Before the artwork, I was tempted to flout the rules, and take a picture anyway. But it was their painting, their museum, their country, their history, their grief. I was a guest, and so tried to be respectful and behave. No pictures.
And you know what? Freed of the distraction of trying to capture a photo of the painting, which is 25 feet across, I was able to just look at it.
Able to look at it and shed tears. It was an overwhelming moment. Thinking of the people and the horses and the bull, all broken and shrieking, the mother wailing with the dead baby in her arms and the alarms at night. Picasso had a commission to paint something to display to bring attention the cause of the Republicans — a motley of socialists and communists and anarchists, fighting Franco and his Nationalists, who had the Nazis and their Luftwaffe on their side. But Picasso was stymied until the bombing on April 27, 1937. Horror has a way of squeezing out those creative juices. He created an enormous canvas, 11 feet tall, using black and white matte house paint. This, I thought, this is what cubism was made for. I was never a particular fan of either Picasso or his style. But this redeems both, conveying such as stark and fractured chaos, the suffering and death.
The painting was shown in Paris — which surrendered too quickly to be bombed — then spirited to the United States, and placed at the Museum of Modern Art. Picasso, and later his estate, would not allow "Guernica" to return to Spain until the fascists were gone, and it did not get there until 1981.
I thought of "Guernica" of course as Israel started to pound Gaza, the shocking human toll of destruction from above. A horror that they obviously find necessary to inflict, but that no feeling human being can welcome. Something no feeling human can do anything but mourn. Most of the 1,600 dead at Guernica were women and children — the men were off fighting — and there is little question that the attack on Gaza will mostly slaughter innocents as well.
Whose fault is it?
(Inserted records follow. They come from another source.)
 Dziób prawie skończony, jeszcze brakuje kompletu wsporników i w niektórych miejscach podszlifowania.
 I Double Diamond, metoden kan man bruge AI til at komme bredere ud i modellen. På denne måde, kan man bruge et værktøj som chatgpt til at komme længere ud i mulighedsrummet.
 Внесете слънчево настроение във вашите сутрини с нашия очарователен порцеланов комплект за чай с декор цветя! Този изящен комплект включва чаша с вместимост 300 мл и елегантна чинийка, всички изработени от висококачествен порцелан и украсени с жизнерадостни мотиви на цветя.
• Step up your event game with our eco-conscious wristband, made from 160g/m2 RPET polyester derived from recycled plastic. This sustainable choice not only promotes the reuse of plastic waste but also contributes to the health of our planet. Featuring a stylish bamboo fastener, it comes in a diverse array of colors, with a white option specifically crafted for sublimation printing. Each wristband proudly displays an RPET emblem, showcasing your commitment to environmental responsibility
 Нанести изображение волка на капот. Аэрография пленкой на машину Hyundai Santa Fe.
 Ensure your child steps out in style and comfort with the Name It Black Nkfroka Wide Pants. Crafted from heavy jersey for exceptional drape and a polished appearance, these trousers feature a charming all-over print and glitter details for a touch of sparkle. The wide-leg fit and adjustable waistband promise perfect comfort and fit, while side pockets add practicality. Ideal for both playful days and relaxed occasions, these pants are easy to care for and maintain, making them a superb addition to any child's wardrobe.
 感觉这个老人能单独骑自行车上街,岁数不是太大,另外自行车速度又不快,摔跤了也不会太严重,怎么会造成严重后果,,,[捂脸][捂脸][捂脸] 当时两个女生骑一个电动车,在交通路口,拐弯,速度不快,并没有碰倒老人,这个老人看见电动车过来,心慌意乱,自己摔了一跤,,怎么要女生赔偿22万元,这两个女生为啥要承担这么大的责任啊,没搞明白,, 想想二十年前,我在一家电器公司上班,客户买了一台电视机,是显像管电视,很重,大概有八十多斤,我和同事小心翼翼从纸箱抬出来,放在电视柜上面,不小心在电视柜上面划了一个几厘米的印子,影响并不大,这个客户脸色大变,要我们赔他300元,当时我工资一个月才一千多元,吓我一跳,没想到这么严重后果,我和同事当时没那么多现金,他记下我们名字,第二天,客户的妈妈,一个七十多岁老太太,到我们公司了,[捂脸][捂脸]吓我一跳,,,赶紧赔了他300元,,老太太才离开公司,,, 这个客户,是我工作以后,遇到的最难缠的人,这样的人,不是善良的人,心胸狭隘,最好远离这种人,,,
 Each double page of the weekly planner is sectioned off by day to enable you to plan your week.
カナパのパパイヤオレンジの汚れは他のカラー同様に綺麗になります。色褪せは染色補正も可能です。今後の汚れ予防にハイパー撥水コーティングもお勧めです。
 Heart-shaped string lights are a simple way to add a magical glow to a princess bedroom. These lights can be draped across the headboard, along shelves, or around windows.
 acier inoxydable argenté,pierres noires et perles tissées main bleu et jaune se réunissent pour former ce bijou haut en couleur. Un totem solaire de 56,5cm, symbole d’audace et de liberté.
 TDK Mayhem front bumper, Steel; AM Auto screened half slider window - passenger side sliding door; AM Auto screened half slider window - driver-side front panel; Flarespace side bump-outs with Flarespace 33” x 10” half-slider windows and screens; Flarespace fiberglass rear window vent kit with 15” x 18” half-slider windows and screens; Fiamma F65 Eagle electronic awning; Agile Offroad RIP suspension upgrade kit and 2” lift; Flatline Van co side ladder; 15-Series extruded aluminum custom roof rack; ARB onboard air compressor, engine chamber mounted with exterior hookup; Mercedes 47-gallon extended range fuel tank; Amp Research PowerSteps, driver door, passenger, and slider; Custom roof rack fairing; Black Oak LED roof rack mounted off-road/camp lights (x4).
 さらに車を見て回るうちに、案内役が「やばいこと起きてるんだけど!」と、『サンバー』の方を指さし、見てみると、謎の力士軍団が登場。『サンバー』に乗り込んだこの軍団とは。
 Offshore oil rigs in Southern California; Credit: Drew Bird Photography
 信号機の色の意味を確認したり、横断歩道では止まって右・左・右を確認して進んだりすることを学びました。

All the furious finger pointing misses, to me, the essential, obvious truth: it's everybody's fault. The two parties involved. How could it be anything else? The Palestinians for holding out for the impossible — to return to Israel and find the Jews vanished and their great-grandparents magically alive again, tending to their olive groves. Not to forget for supporting Hamas, a terrorist group dedicated to Israel’s destruction, which started the present cycle of mayhem and death. And the Israelis for their out-of-sight, out-of-mind approach, for decades, packing Palestinians into their ghetto, nibbling away parcels of land for another settlement. A role so inverted, such a parody of the treatment of Jews over a thousand years, it almost makes me believe in a God, a devious, malicious deity, crafting the ultimate contrapasso punishment for Jewish pride, pressing us into the role of the oppressor. Left unsolved, the problem festers and grows, as both sides saw away at the same old failed tactics.
"For they sow the wind," the Bible says, in Hosea. “And they shall reap the whirlwind."
After I posted a photo of the painting — not taken by me — on the cover of my Facebook page, as a sort of indication of general feeling, one reader shared this story, probably too neat to be true: A German officer sees a photo of "Guernica" in Picasso's studio. "Did you do this?" he asks. "No," Picasso replies. "You did."